When I sat down after lunch to plug away at my novel, it was at once nice and disheartening to look out at the beautiful sunshine and not be doing something out in it.  I mean, I was wasting it.  Letting it fall on the uncaring grass, which will grow no matter what is happening in the sky.

But about mid afternoon, the clouds rolled in.  Not unexpected; that's what the weatherman said on the news, and he and/or she is generally correct.  So the rain came and I found something that I like better than warm spring sunshine.

Warm spring rain.

It's terribly melodramatic of me, but I really like it when it is warm outside and it rains.  Cold weather rain in misty and gross.  Warm weather rain falls in plump drops that make nice sounds as they plop into puddles, onto leaves, or various cars sitting on the street.  It smells good, it feels good on your skin.  It gives the world a soft grey color that is completely different than the overbearing dull grey of December rain.  I love it.  I love to walk in it, open the windows and listen to it.
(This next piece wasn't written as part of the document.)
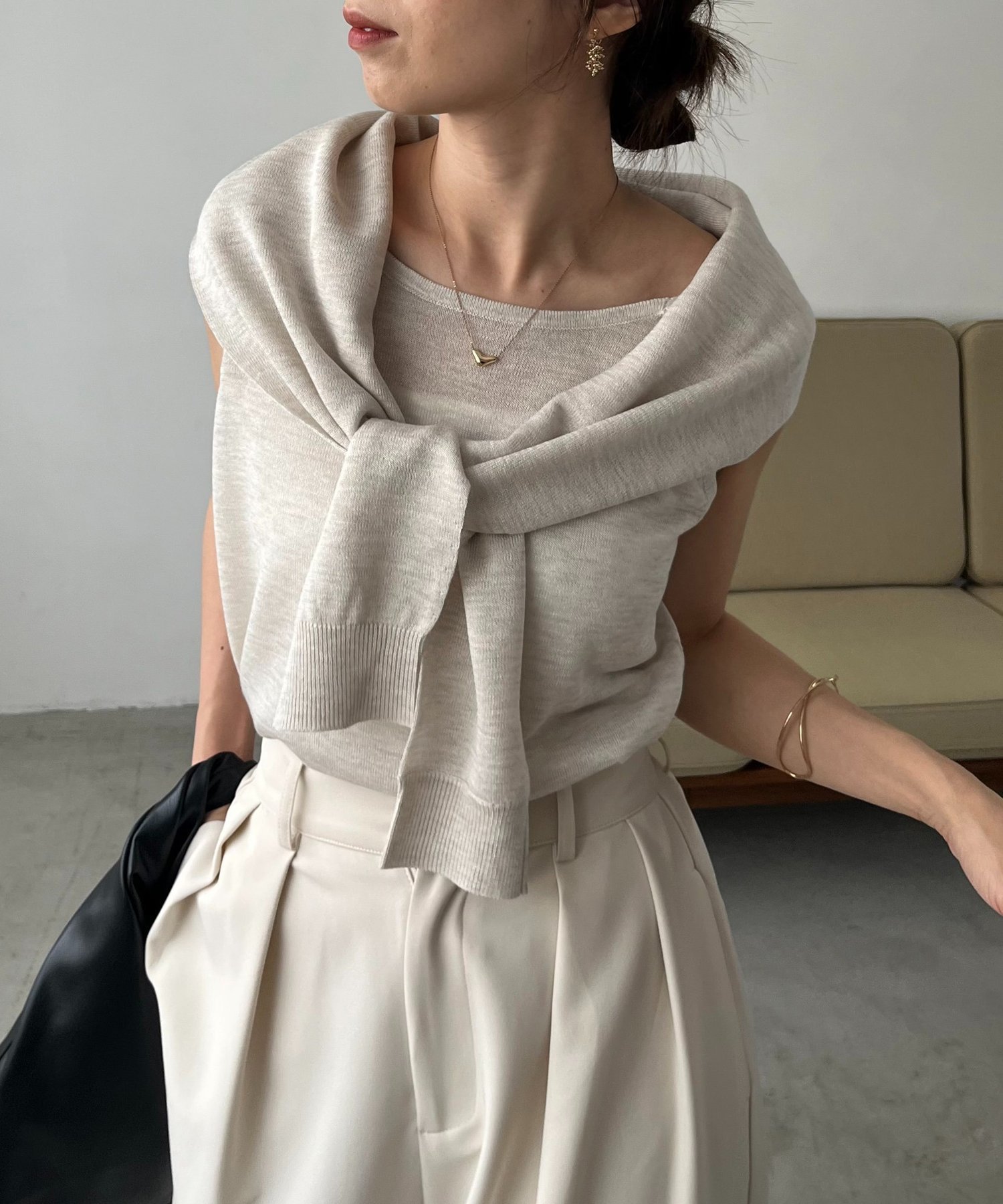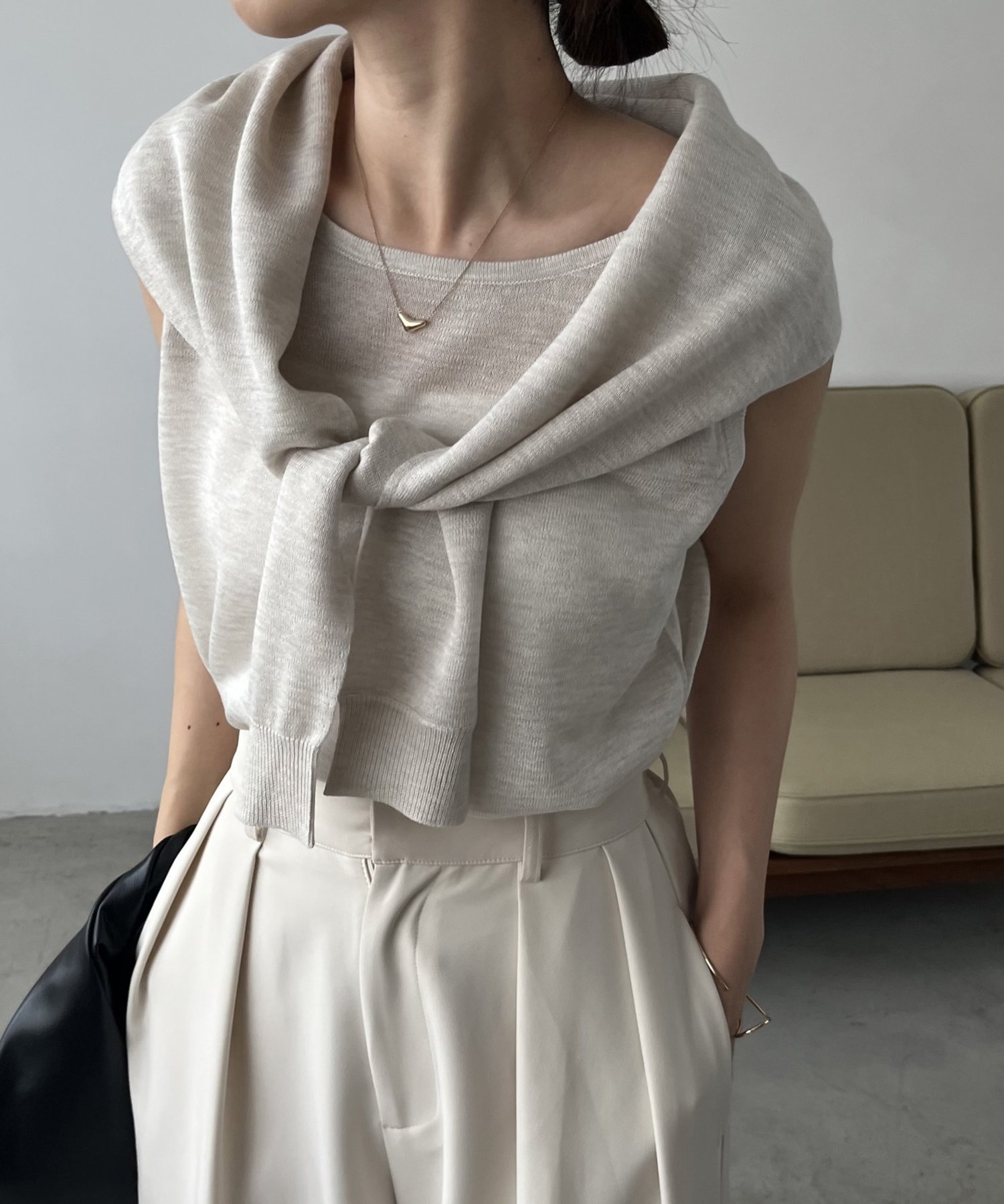 CAPRICIEUX LE'MAGE 【一枚でお洒落見え】肩掛けデザインニット カプリシュ レマージュ トップス ニット ベージュ ピンク ブラック【送料無料】

Maybe because water is often used as a symbol of change or motion and growth, but I find that I think and write best when I can sit and look outside at the rain.  I'll write anywhere I can find time.  But if I had my ideal studio set up, it would have a wide desk with nothing on but my computer in a wide room with pale colors, facing open windows that had an interesting view of some idyllic countryside.  Or mountains.  I love the smell of high altitude pine forests, the crisp, yet lush quality to the air.

Sheesh, I'm a romantic.

E. T.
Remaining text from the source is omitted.